对于重要的粮食作物，如菜豆（Phaseolus vulgaris， L.），全球需求继续超过数量性状遗传增益的速度。在这项研究中，我们利用来自合作干豆苗圃（CDBN）的多环境试验（MET）数据集来研究集成模型在基因组预测中的应用。该集合跨越70个地点和30年，包括150多种表型和数百种基因型，对120万个单核苷酸多态性标记进行了测序。我们测试了三种模型（线性回归、脊回归和神经网络）。每个模型都使用三种不同的方法实现：(1)将所有数据组合成一个模型（奇异模型），(2)使用所有可用的单个位置来训练包含一个集成模型的单个子模型（集成模型），以及(3)使用优化的单个位置集来训练包含一个集成模型的单个子模型（优化集成模型）。优化的集成方法对低方差位置效果最好，因为模型方差通过集成中的子模型的平均来减小。对于预测精度较低的模型，集成方法可以提高预测精度。在某些位置，预测准确性能够克服狭义遗传力，表明基因组选择在这些位置比表型选择更有效。该研究表明，育种计划协作可以绕过数据量不足的瓶颈，因为来自CDBN MET的汇总数据产生的预测精度为开花天数0.70，成熟天数0.54，种子重量0.95，种子产量0.67。

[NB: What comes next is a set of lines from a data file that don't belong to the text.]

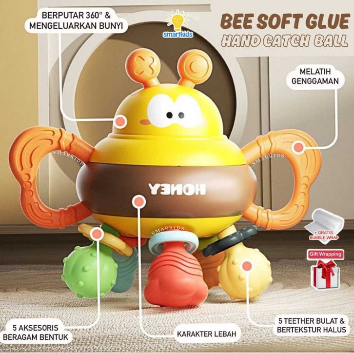 Honey Bee Mainan Bayi Teether Silikon Halus Gigitan Lembut / Busy Ball / Sensorik Motorik Mengenal Warna Bentuk Tumbuh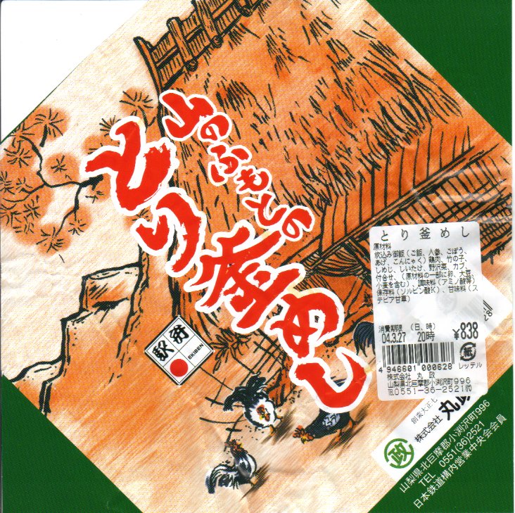 2004(平成16)年1月に発売か。焼き物の釜飯向け容器に陶製のふたをして、商品名を描いた正方形の掛紙をかけて、ひもで十字にしばる。中身は炊込御飯を錦糸卵、鶏肉、竹の子、椎茸、しめじ、姫竹などで覆うもので、釜飯駅弁の正統。同じシーズンに併売の「山菜鶏釜めし」と、とてもよく似ているので、小淵沢駅の釜飯駅弁は駅弁催事での需要が旺盛なのだろうと思う。駅弁大会対応商品。2004年のみの販売か。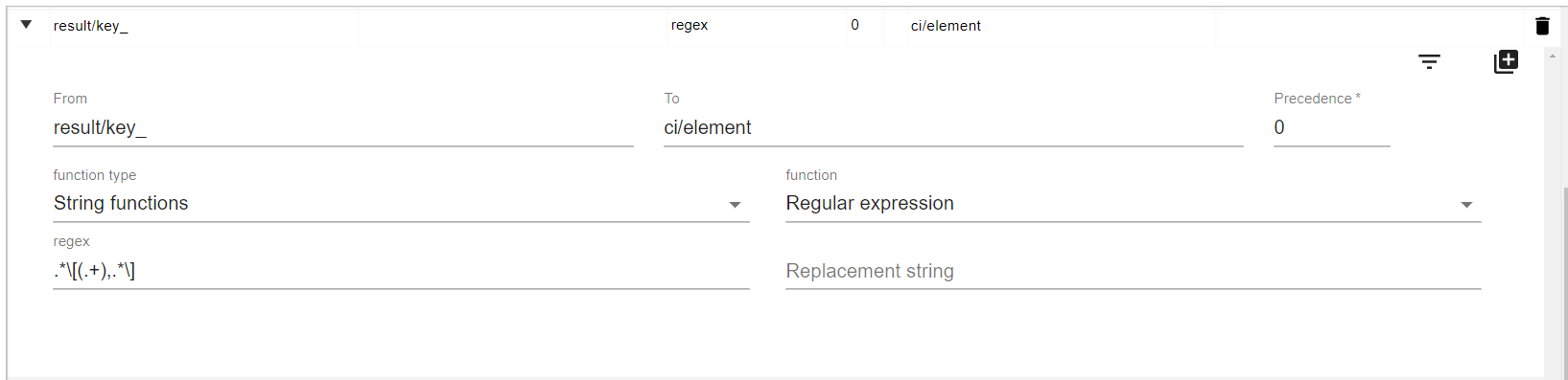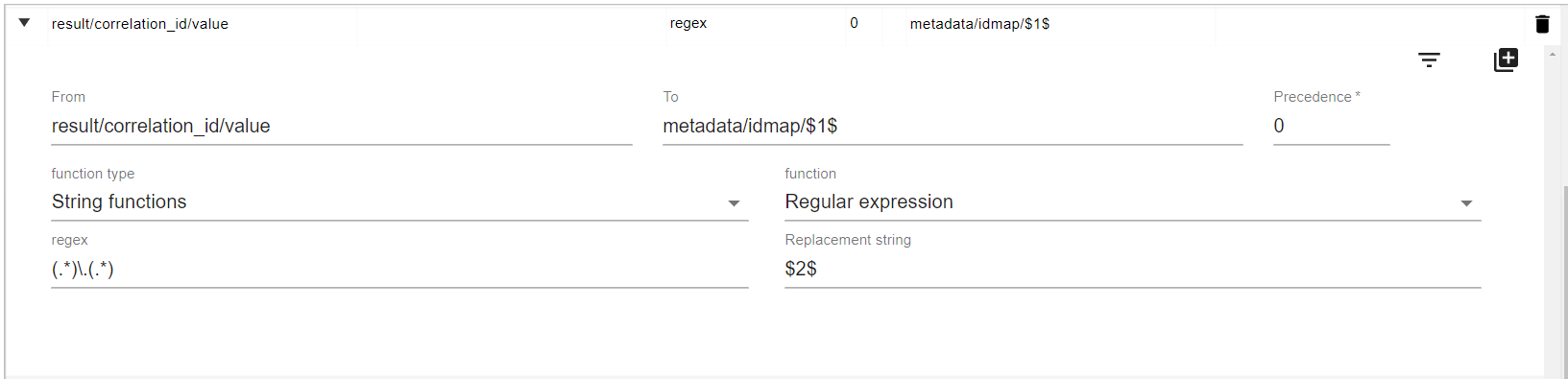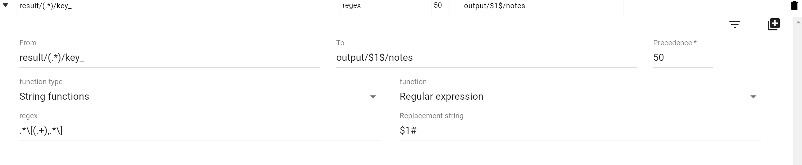 The regular expression (regex) mapping is similar to a lookup table mapping but uses regular expressions to define the replacement rules. To define a regex mapping the Function type needs to be set to "String functions" and the function needs to be set to "regular expression". The attributes that need to be set in a regex mapping are: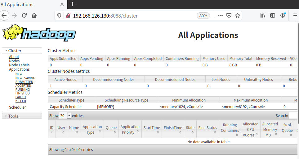 cd /vulhub/hadoop/unauthorized-yarndocker-compose up -d环境启动后,没有配置身份认证,可以未授权访问到Hadoop YARN ResourceManager WebUI页面。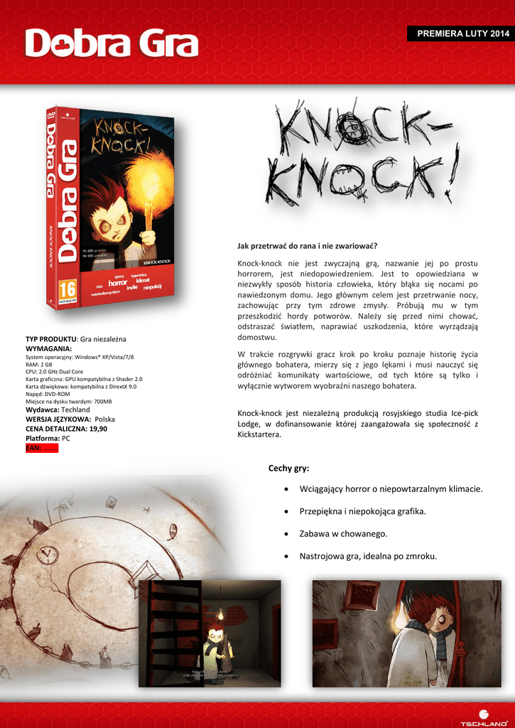 PREMIERA LUTY 2014 Jak przetrwać do rana i nie zwariować? TYP PRODUKTU: Gra niezależna WYMAGANIA: System operacyjny: Windows® XP/Vista/7/8 RAM: 2 GB CPU: 2.0 GHz Dual Core Karta graficzna: GPU kompatybilna z Shader 2.0 Karta dźwiękowa: kompatybilna z DirextX 9.0 Napęd: DVD-ROM Miejsce na dysku twardym: 700MB Wydawca: Techland WERSJA JĘZYKOWA: Polska CENA DETALICZNA: 19,90 Platforma: PC EAN: …….. Knock-knock nie jest zwyczajną grą, nazwanie jej po prostu horrorem, jest niedopowiedzeniem. Jest to opowiedziana w niezwykły sposób historia człowieka, który błąka się nocami po nawiedzonym domu. Jego głównym celem jest przetrwanie nocy, zachowując przy tym zdrowe zmysły. Próbują mu w tym przeszkodzić hordy potworów. Należy się przed nimi chować, odstraszać światłem, naprawiać uszkodzenia, które wyrządzają domostwu. W trakcie rozgrywki gracz krok po kroku poznaje historię życia głównego bohatera, mierzy się z jego lękami i musi nauczyć się odróżniać komunikaty wartościowe, od tych które są tylko i wyłącznie wytworem wyobraźni naszego bohatera. Knock-knock jest niezależną produkcją rosyjskiego studia Ice-pick Lodge, w dofinansowanie której zaangażowała się społeczność z Kickstartera. Cechy gry: Wciągający horror o niepowtarzalnym klimacie. Przepiękna i niepokojąca grafika. Zabawa w chowanego. Nastrojowa gra, idealna po zmroku.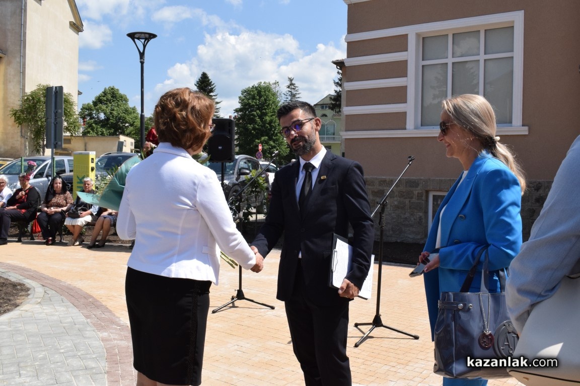 По време на официалната церемония по откриване на новото музейно пространство Кметът на Казанлък обяви, че заедно с Монетния двор към БНБ, Община Казанлък е изработила юбилейна монета за 120-та годишнина на Празника на розата, която олицетворява роза Дамасцена в слънчева светлина, изработена от розетка, матов фон, с гланцирани лъчи. С новата награда тя благодари приноса на няколко казанлъчани пространството около Музей „Иван Милев“ да бъде преобразено. Кметът на Казанлък отличи архитектите Ивелин Недялков и Лъчезар Николов, директорът на Общинското предприятие „Комунални дейности и поддръжка на инфраструктурата“ Теменужка Люцканова, Евгени Генов, който изработи фигурите на свирещите музиканти край елегантната статуя на Японката за радост на казанлъчани и директора на Художествената галерия д-р Пламен Петров.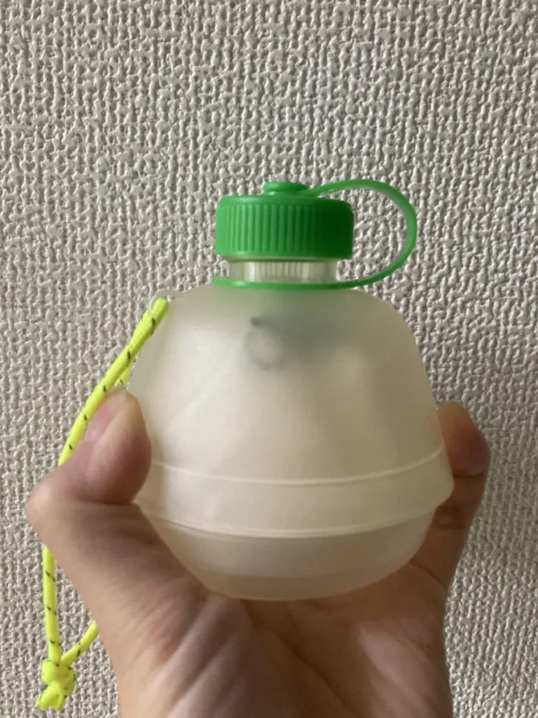 つまり、上部と底部は硬いのですが真ん中はふにゃふにゃと柔らかいので飲み終わったら写真のようにクシャッとたたむことが出来るのです。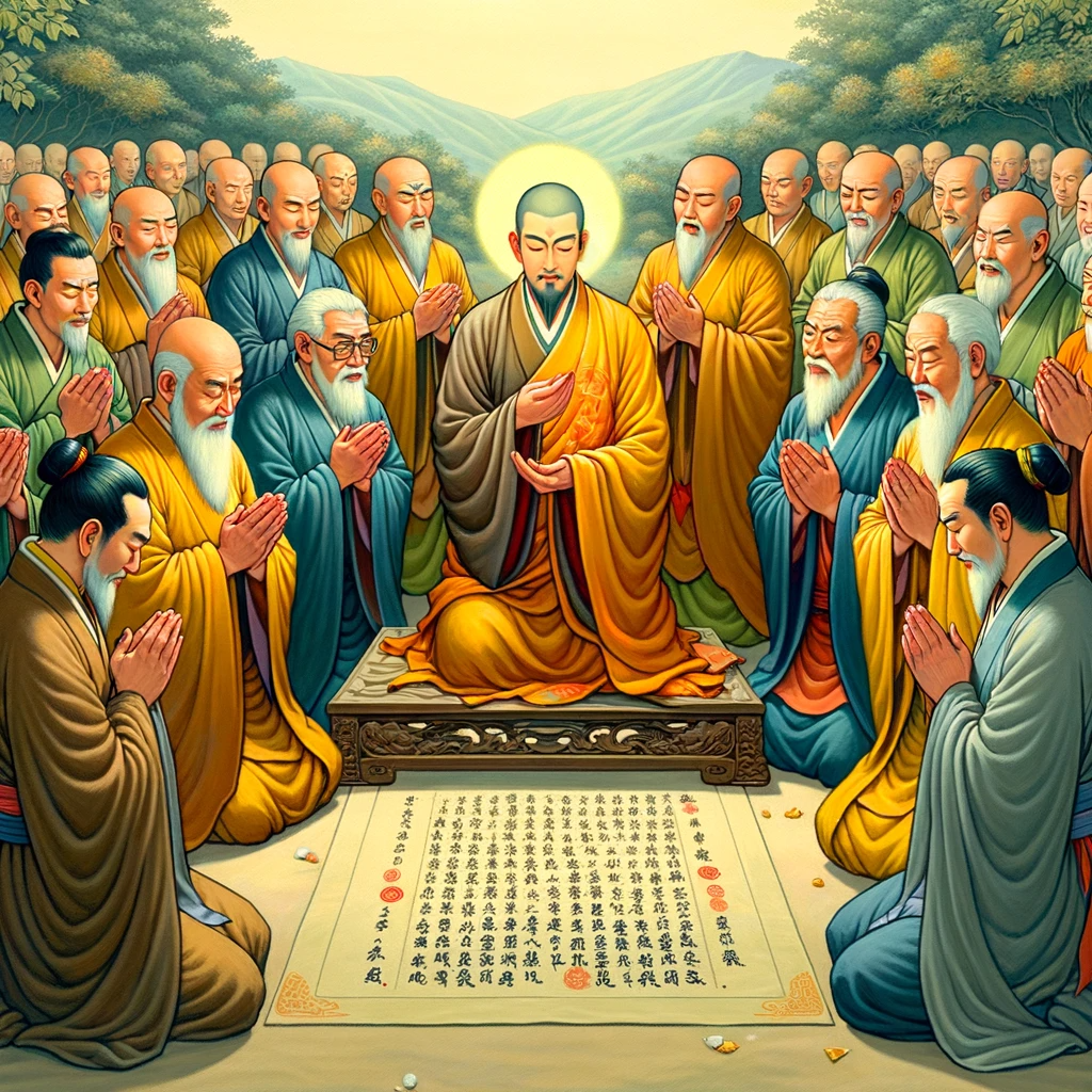 “I entrust to you again, young disciples from honorable backgrounds, this highest form of understanding and enlightenment that I have achieved through an incomprehensible span of time and countless eons. Accept it, care for it, study it, understand it, teach it, share it, and preach it to all beings.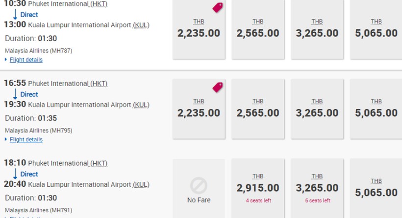 | MAS (MH 791) Boeing 737-800 | 19:40 Остров Пхукет (HKT) | 1 ч. 40 мин | 22:20 Куала-Лумпур (KUL) | пт с 03.04 |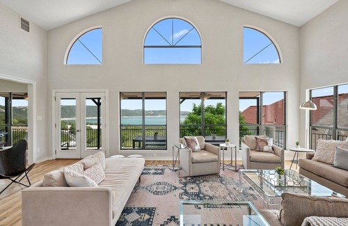 This beautiful luxurious home, "Overlook Oasis", offers plenty of space for everyone to sprawl out, but large entertaining areas to come together to make those lasting memories! With amazing views of Lake Travis, bright and airy rooms full of natural sunlight, close proximity to Lake Travis, a fully equipped home, and so much more awaiting, you are sure to have an incredible time and leave with unforgettable experiences! Whether you plan to relax inside or out, you'll be in awe of the views and nature that surround you!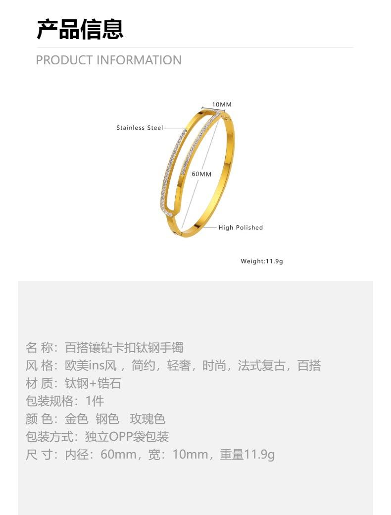 European and American retro high-grade gold diamond buckle stainless steel bracelet women wholesale custom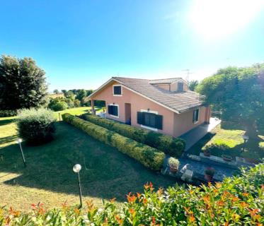 Dall'ingresso del piano terra si entra nella bellissima zona di rappresentanza con un triplo salone con camino ed ampie vetrate che si affaccino su le colline circostanti, sul giardino da dove si scorge la piscina circondato alberi di alto fusto, allo stesso piano troviamo anche con la cucina abitabile con tinello, tre ampie camere, due bagni. Allo stesso piano troviamo un ingresso, guardaroba, balconi e marciapiedi che percorrono il perimetro dell’immobile.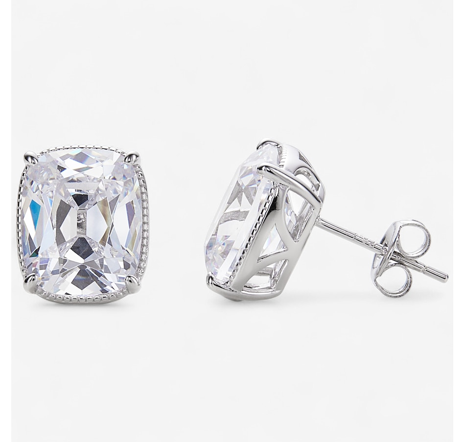 Sterling Silver Elongated Cushion Diamonelle Stud Earrings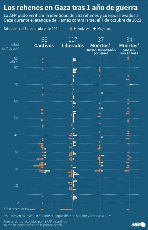 Hasta el 7 de octubre de 2024, de los 251 rehenes y cuerpos trasladados a Gaza el 7 de octubre de 2023, 117 fueron liberados –principalmente mujeres, niños y trabajadores extranjeros–, 97 siguen retenidos, 63 de los cuales se cree que están vivos y 34 fueron declarados muertos por el ejército israelí o el Foro de Familias de Rehenes. El deceso de Idan Shtivi (28 años) fue anunciado este lunes.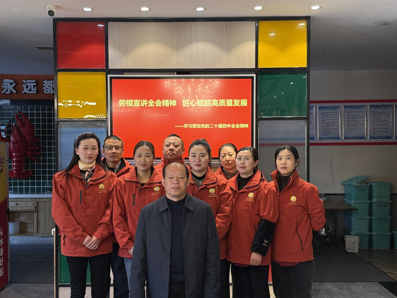 李代军以“劳模带头讲全会 凝聚奋进力量”为主题,结合自身从普通的餐饮人成长为劳模工匠的经历,分享了学习党的二十届四中全会精神的深刻体会。宣讲没有枯燥的理论堆砌,而是用朴实的语言,将宏大的国家治理话题与日常工作紧密相连。

本文章由计算机程序翻译，如有差异，请以英文原文为准。

求助全文

约1分钟内获得全文求助全文

来源期刊

Plant Genome PLANT SCIENCES-GENETICS & HEREDITY

CiteScore

6.00

自引率

4.80%

发文量

审稿时长

>12 weeks

期刊介绍： The Plant Genome publishes original research investigating all aspects of plant genomics. Technical breakthroughs reporting improvements in the efficiency and speed of acquiring and interpreting plant genomics data are welcome. The editorial board gives preference to novel reports that use innovative genomic applications that advance our understanding of plant biology that may have applications to crop improvement. The journal also publishes invited review articles and perspectives that offer insight and commentary on recent advances in genomics and their potential for agronomic improvement.